Unknown Speaker 50:38
Yeah. I hope so.
Walt Zerbe 50:43
Yeah. So have I missed anything else that anybody like to add anything else to this conversation? It could be about the process or anything? I don't, I don't care.
Speaker 2 50:53
Do you feel like the timing is right. And like the industry has been moving towards, you know, has been moving much more towards wellness. And, and I kind of I see this as a cornerstone of wellness, you know, the, the neurological side. And, you know, most of what we've been seeing in wellness is has been more on the on the physical side and more on the you know, on the light side of, of physical health, you know, men not so much on the side of mental health. So, you know, I would like to see this gain more traction for that.
Walt Zerbe 51:40
Yeah, if I were starting a business right now, I would try to center it. I wouldn't call it like, you know, waltz wiring or something? I would, I would, I would totally try to wrap it around wellness. And but I don't know, it's tough to find a name. But basically, that's the goal. How do you how do you try to put tech into improves and through improve the lifestyle and and the quality of everyone's life that lives in the residence? That's that's the goal. What about easy to say, tough to do about
Unknown Speaker 52:13
Walt's wellness world?
Walt Zerbe 52:17
Sounds like a movie. What was that Ray? Well, it's
Speaker 1 52:22
a wild wellness. We
Walt Zerbe 52:27
all right. Well, Sam, any last words here
Speaker 1 52:30
that I don't have? Right? Is, oh, I was just gonna say I, this came up many times in the planning and the execution of this of this team internship with Nirvana, you know, dealing with neurodiverse population, we were very lucky to have a number of folks who did self identify as on the spectrum. And I think that's important, because one of the key things here is right, nothing's for us or about us without us. And so having that representation, like having those voices heard, I think is a really valuable part of this. And I just wanted to put that out there.
Speaker 5 53:12
Absolutely. And, you know, going off that, you know, I would just say like these solutions apply to everyone, you know, this, this is a framework that is universal, and we're approaching it as a specific problem.
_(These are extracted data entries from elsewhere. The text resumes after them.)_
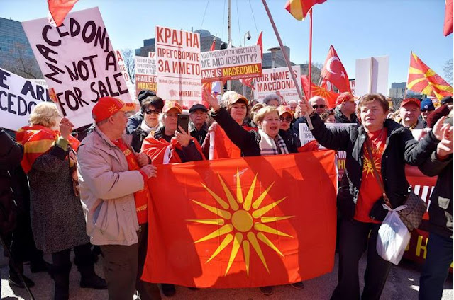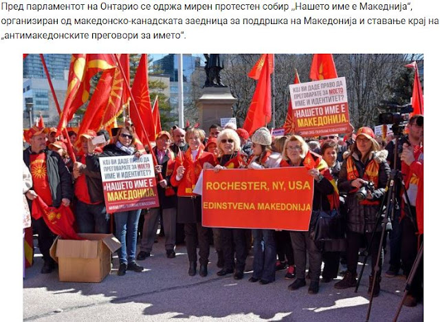 Έξω από το κοινοβούλιο του Οντάριο, πραγματοποίησαν ειρηνική συγκέντρωση διαμαρτυρίας η σλαβική κοινότητα των Σκοπίων για την υποστήριξη της κατοχής του ονόματος «Μακεδονία» για το κράτος των Σκοπίων και συγχρόνως ζήτησαν τη διακοπή των συνομιλιών για το όνομα με την Ελλάδα.
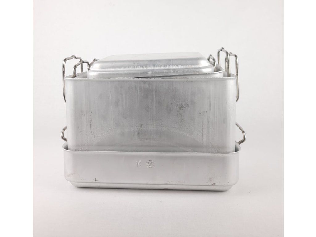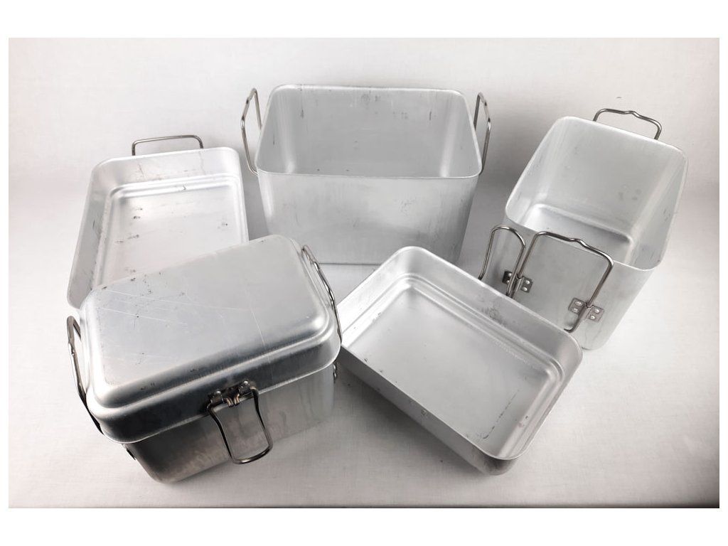 Přepravní taška s hranatými hrnci a pánvemi z hliníku
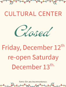 Culture Centre will resume normal operating hours for Saturday - Dec 13 2025
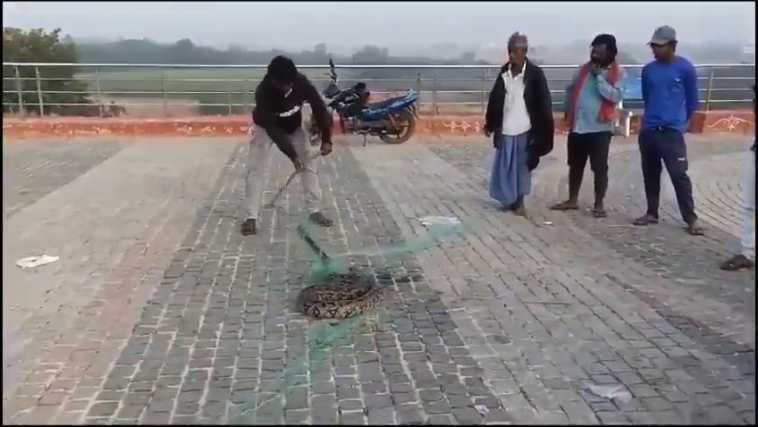 ஆனால் அதிர்ச்சி அளிக்கும் வகையில் வலையில் மலைப்பாம்பு ஒன்று சிக்கியிருந்தது.
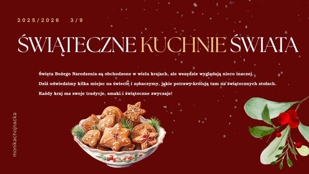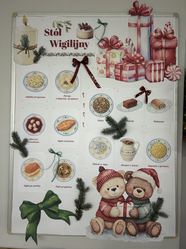 Podczas zajęć rozmawialiśmy o tym, jak obchodzi się Święta Bożego Narodzenia w różnych krajach i czym różnią się one od polskich tradycji, poznawaliśmy świąteczne potrawy charakterystyczne dla Polski, Niemiec, Włoch oraz Stanów Zjednoczonych, omówiliśmy znaczenie Wigilii w Polsce oraz tradycję 12 potraw wigilijnych, dowiedzieliśmy się, jakie potrawy pojawiają się na świątecznych stołach w innych krajach (m.in. pierniki i pieczona gęś w Niemczech, panettone we Włoszech czy bożonarodzeniowy indyk w USA), a także przypomnieliśmy sobie zasady Zero Waste i rozmawialiśmy o tym, jak nie marnować jedzenia w czasie świąt oraz jak wykorzystywać resztki potraw i naturalne dekoracje.

But, you know, it applies to everyone. And it's a way to improve the services for everyone, no matter where you're falling on this stuff.
Walt Zerbe 53:35
Yeah, I totally agree. All right. Well, this has been a fantastic discussion. And one that's super important. And I'm hoping anyone listening to this cast will will take it seriously. This can apply to every everybody's business and ultimately, in my mind is what you should be doing. So thanks for for doing this, Pete. And, and thanks, Ivana. And, let's see and Ray for assisting with it. And Sam, you got a lot of fun trying to figure out how to actually make it happen. So good luck to you on that. But this has been just a fantastic discussion. And Vaughn and let's see, I wish you all the best in your schooling and in how you go in the future, we could use brains like yours in our industry. So if you decide we're always looking for people that can help, you know, we used to say, you know, people that are techie people that can, you know, do technology, but ultimately this is what it's about. And it takes your kind of a mindset to, to actually make a difference. So I hope you guys might end up in our industry sometime. That'd be super awesome. But nonetheless, good luck to you. So thanks, everyone for being on this cast and doing it with me. Thank you all. Thank you.
Unknown Speaker 54:46
Walt Zerbe 54:47
Thanks. Alright. Thanks for listening to the CD a podcast. And you're not gonna say but at least keep an open mind.